To allow TB case management in countries with high prevalence of multidrug-resistant TB, the DOTS strategy should be adapted. Treatment regimens with second-line drugs should be incorporated as an option for use, provided that high cure rate and low defaulting rate of new cases are guaranteed. In addition, reassessment of the recommended standard retreatment regimen with 5 first-line drugs also should be considered, especially for new cases failing the standard treatment regimen with 4 first-line drugs. Moreover, DST should be implemented at least for patients failing the standard treatment regimen with first-line drugs. The introduction of feasible and inexpensive rapid testing for rifampicin resistance also should be explored. If DST is not possible, smear microscopy could still be used to change to a multidrug-resistant TB retreatment regimen.

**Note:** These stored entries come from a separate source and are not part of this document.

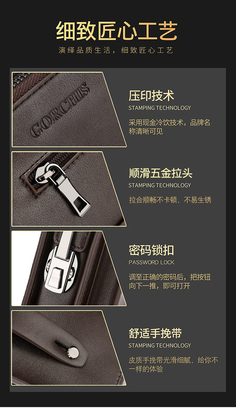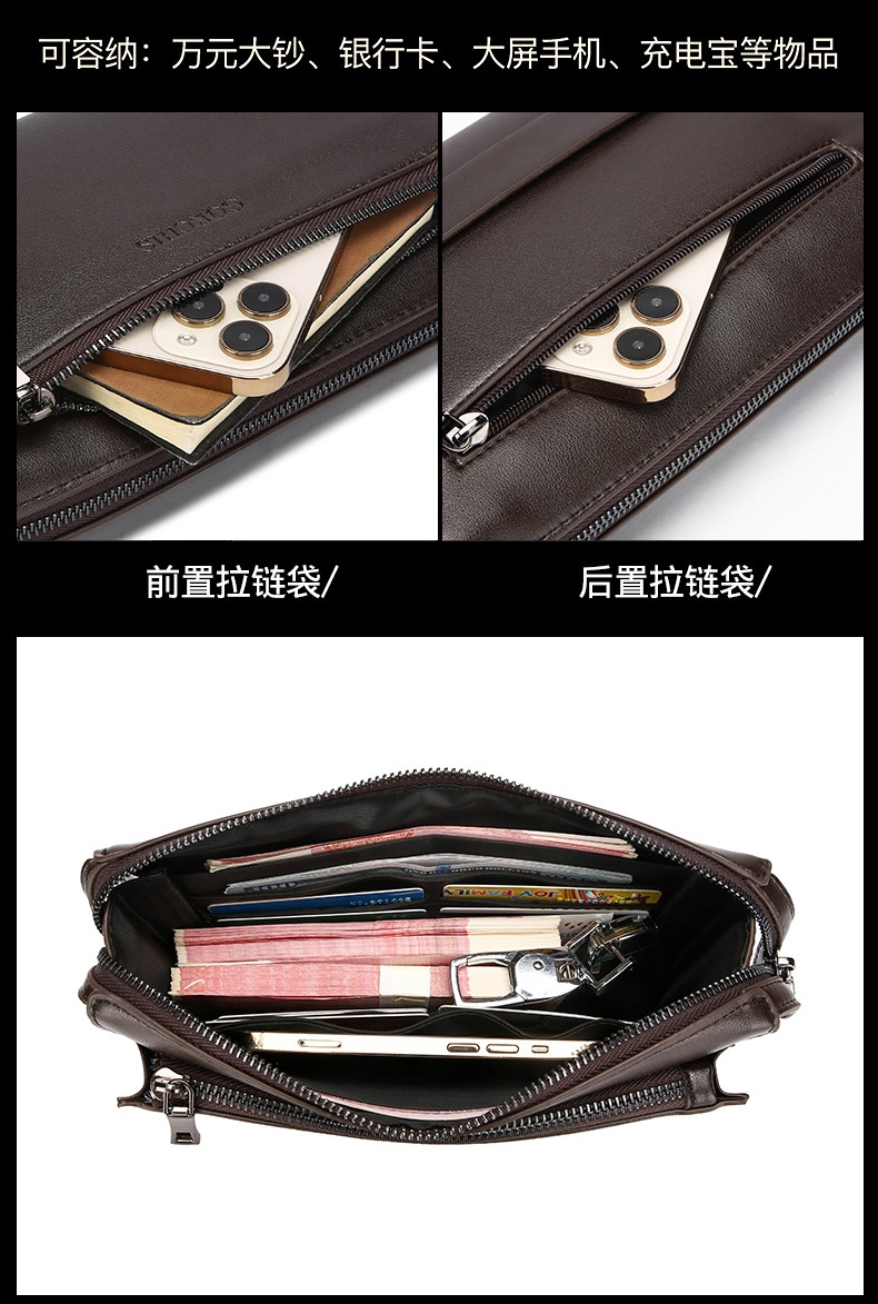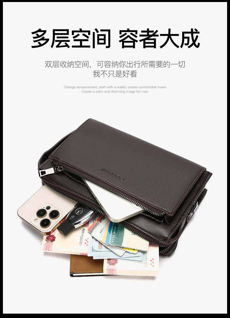 새로운 남성 클러치 백 조합 잠금 도난 방지 대용량 멀티 포켓 핸드백 비즈니스 핸드백 가죽 남성용 트렌디 백스토어 가기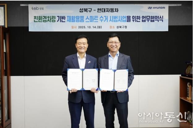 [아시아통신] 서울 성북구 현대자동차와 ‘친환경 차량(ST1) 기반 재활용품 스마트 수거 시범사업’을 위한 업무협약(MOU)을 체결했다. 협약식은 10월 14일 성북구청 구청장실에서 이승로 구청장과 현대자동차 국내판매사업부장 김승찬 전무 등 시범사업 협력업체 관계자들이 참석한 가운데 진행됐다.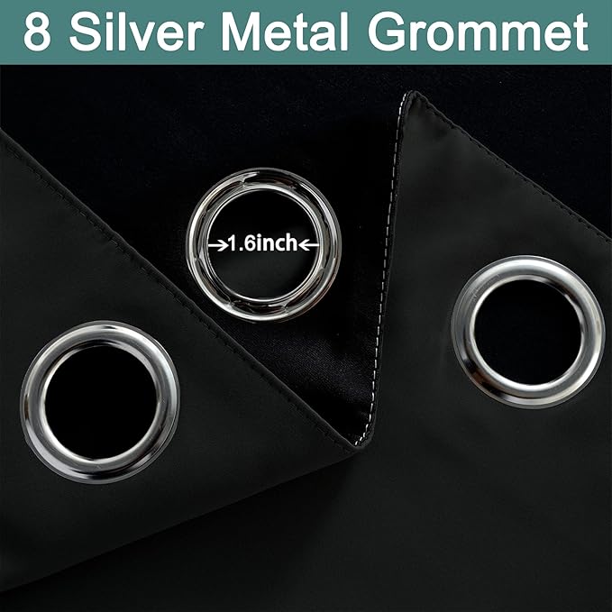 - PACKAGE MADE:2 panels per package. Each Lined Curtain measures 52" wide x 96" long. 8 Silvery Grommets per panel. This silvery grommet (1.6 inch inner diameter) fits many rods. Easy to hang and smooth to slide. The simple design gives people a sense of ease.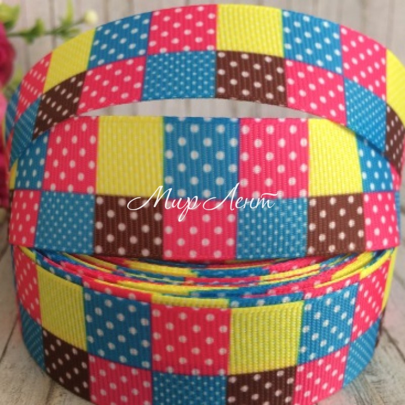 Репс 2,5 см, сине-малиново-коричнево-желтые квадраты с горохами, 1 м
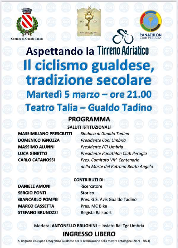 GUALDO TADINO (PG) – Martedì 5 marzo alle ore 21 si terrà presso il teatro Talia di Gualdo Tadino un convegno dal titolo “Il ciclismo Gualdese tradizione secolare” organizzato dal Comitato VII centenario della morte del Patrono Beato Angelo, dal Comune di Gualdo Tadino e da Panathlon club Perugia.
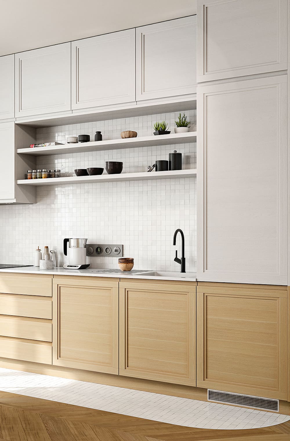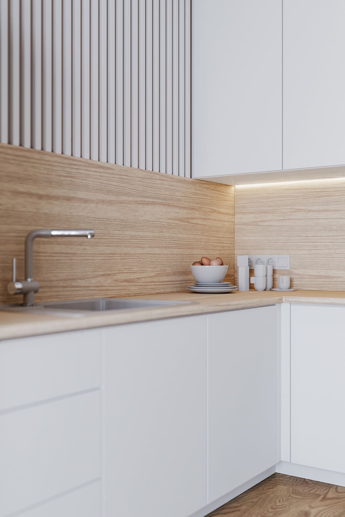 Если ваш интерьер в основном состоит из дерева, вы можете добавить белую мойку, чтобы создать контраст и разбавить теплые тона. Поместите белую мойку на фон деревянной столешницы и пола. Создайте еще больше контраста, выбрав белые или светлые кухонные аксессуары и посуду.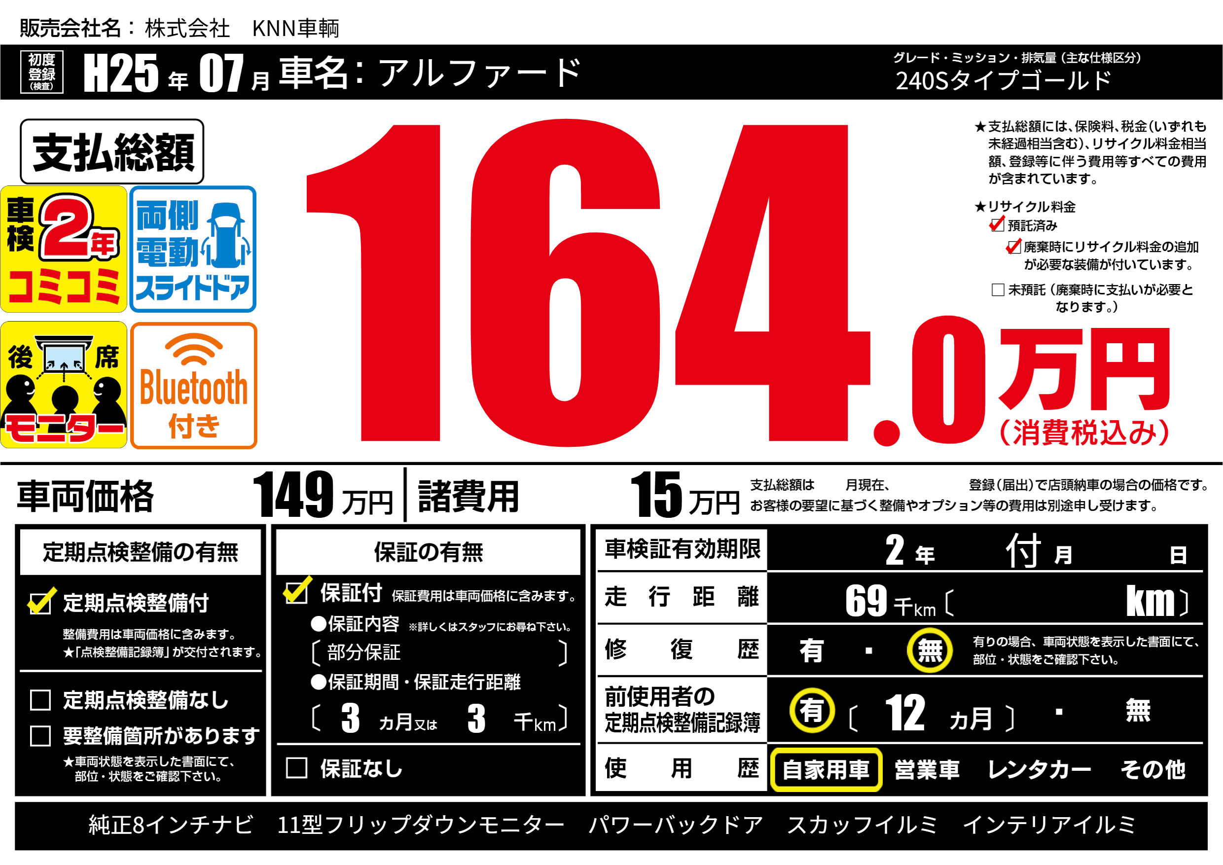 | 走行キロ | 6.9万km | 初年度登録 | H25年07月 |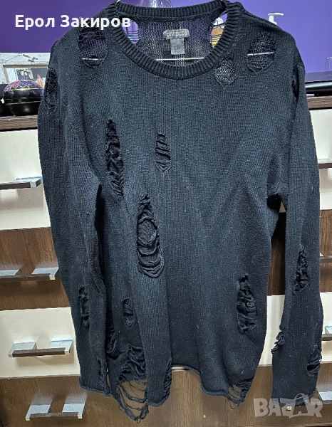 Черна плетена блуза със дупки и кръпки - 20 лв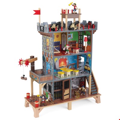 Shiver me timbers! This swashbuckling set is sure to have your kiddies singing sea-shanties at the top of their lungs! Including a castle fortress, a pirate ship and 17 play accessories, the Kidkraft Pirates Cove Play Set has it all! They'll sail off on adventures around the house and dock into port to steal the light up treasure chest! Hopefully they won't get caught red-handed, there's a jail cell for those that do and the cannons are ready and aimed! With four levels of play there's plenty for them to explore. This set certainly won't have you walking the plank!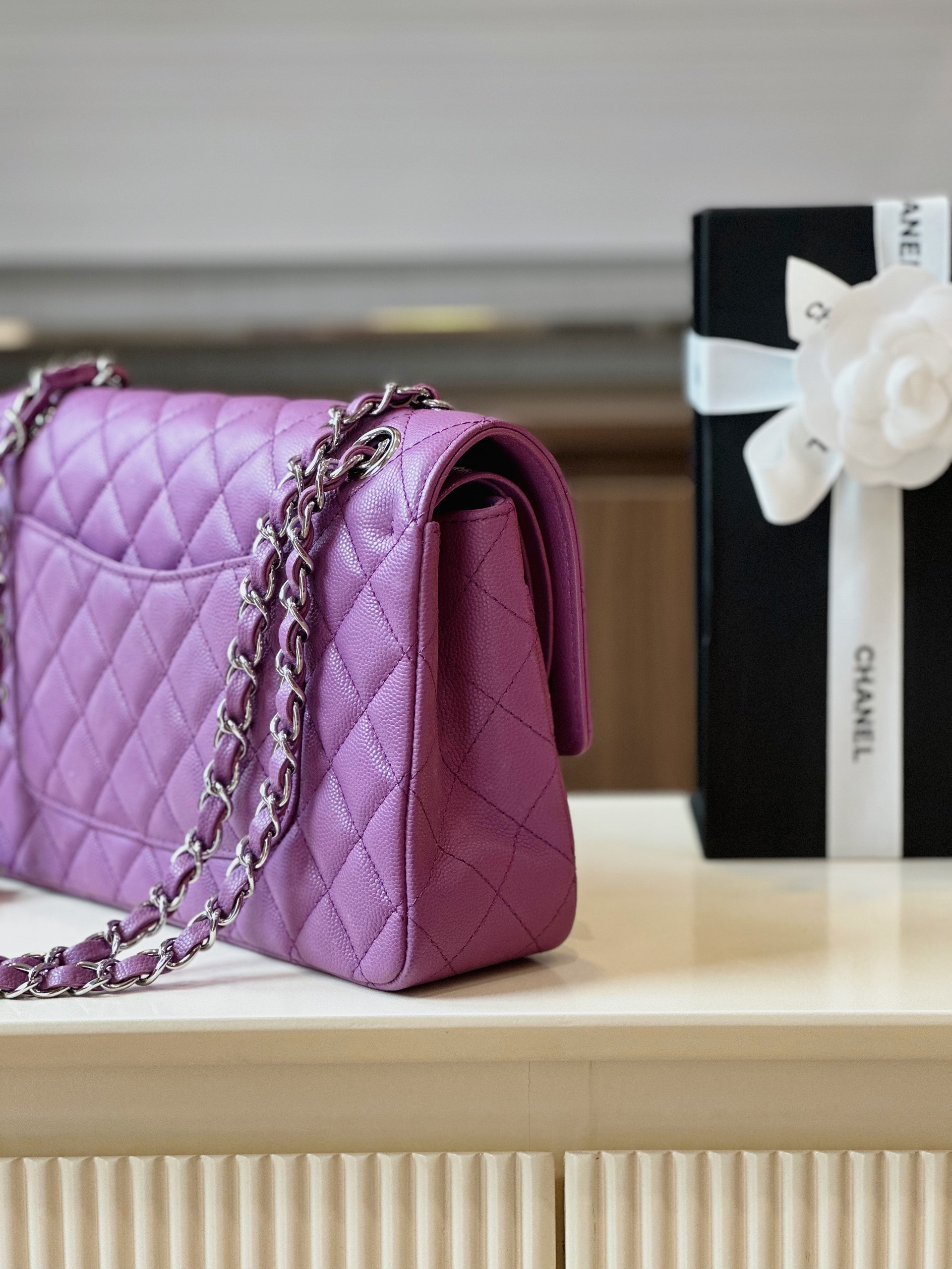 Chanel Classic Handbags Woman’s Purple Lock Silver 25cm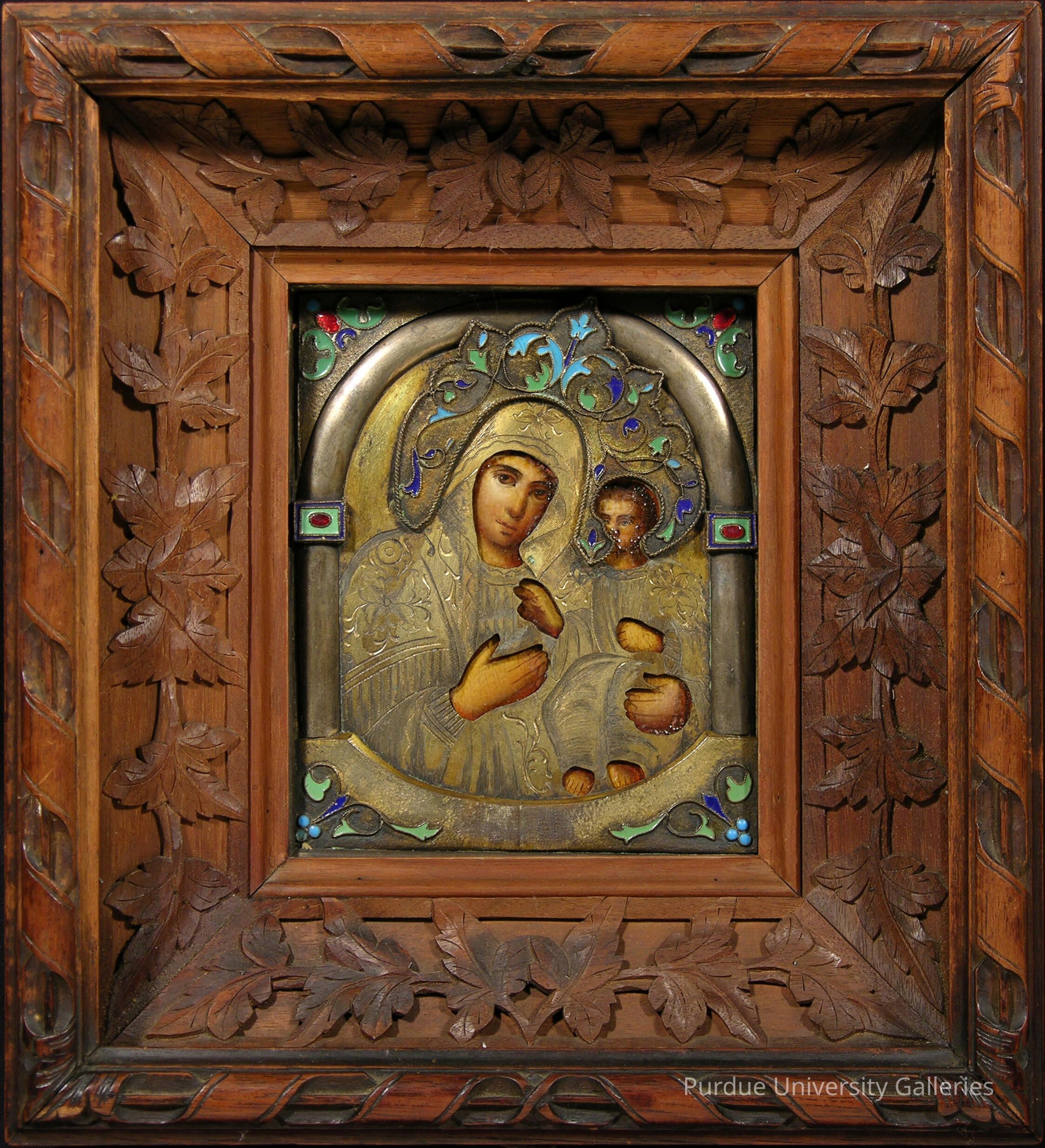 Painting on wood, covered by silver riza with enameling, and outer carved wood box (kiot). The kiot is engraved with tri point ivy leaves under the lid. The riza features blue, green, and red detailing in the four corners and in floral motifs over Mother and Child's heads. Their faces and hands are painted, and Mary holds Jesus on her left. Both of their riza robes are engraved with floral motifs. Icon is backed in deep turquoise velvet and there are no standard marks or makers marks in the riza. Icon is packed into the kiot with Russian newspapers in Cyrillic text dating to 24 December 1992.Type of Painting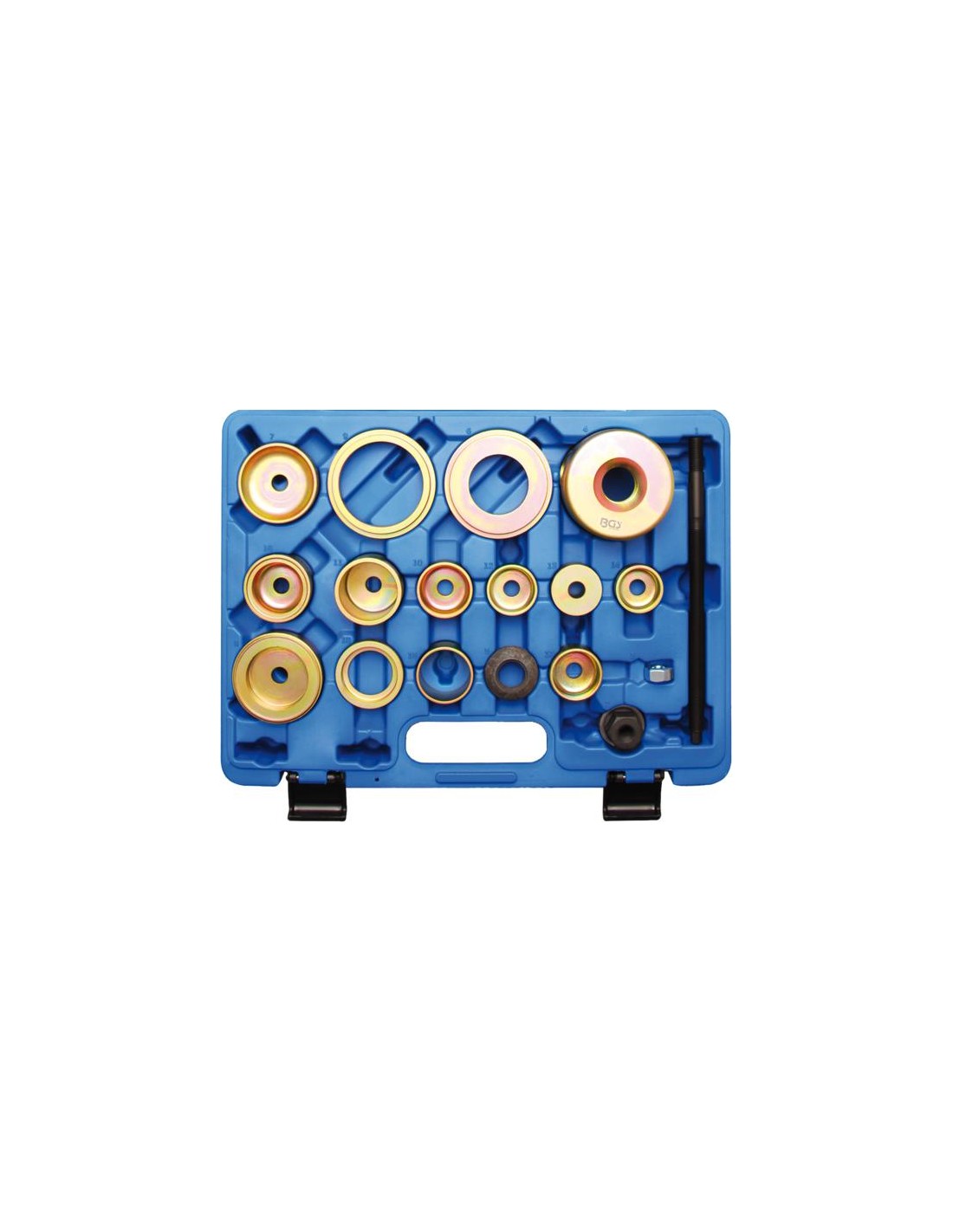 Para la sustitución de silentblocks en guías de ejes/brazos longitudinales, cajas de cojinetes de rueda, brazos transversales inferior/interior. Permite la renovación de silentblocks en el vehículo, estando instalados. Aplicable en conjunción con husillo mecánico. Adecuado para los siguientes vehículos VAG: VW: Golf 5 Plus / Variant / 4-Motion 2005-2012, Jetta / Syncro 2006-2012, Scirocco 2009-2012, Beetle desde 2012, Eos 2006-2012 Seat: Altea 2004-2012, Leon 2006-2012, Toledo 2005-2009 Audi: A3 / S3 2004-2012, TT / TTS Coupe/Roadster 2007-2012. Peso bruto 4878 g.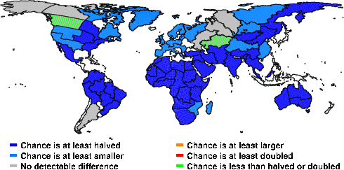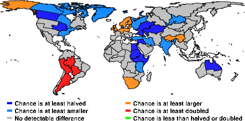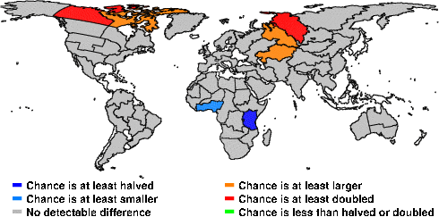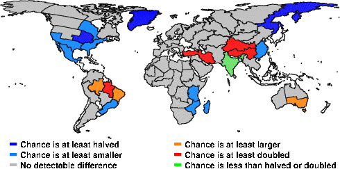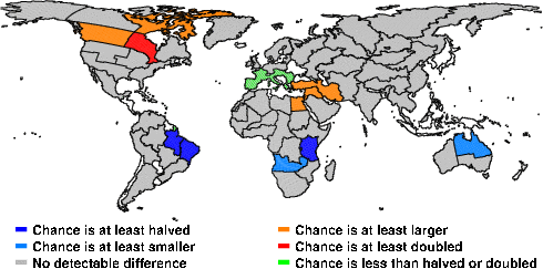 | These maps show what we can say with some confidence about how the chances of an unusual September 2012 have been changed because of our greenhouse gas emissions. More details are given below the maps. |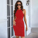 Vestido elegante de alta gama con remaches y vendaje de alta costura.

The best way to prevent the development of multidrug-resistant TB is to encourage countries to adopt DOTS and to provide standard SCC to new patients who will be the source of multidrug-resistant TB if not treated properly. Rifampicin, in particular, needs to be administered under strict supervision. Otherwise, therapy should be based on the administration of an 8-month treatment regimen for new cases of TB, in which the unsupervised continuation phase does not include rifampicin. Regimens including isoniazid and ethambutol in the continuation phase have been shown to achieve high cure rates.^23- 24 Finally, our results also suggest that any good TB control strategy should allow for the use of second-line drugs provided all possible measures are taken to ensure strict adherence to treatment, thus preventing the development of further drug resistance.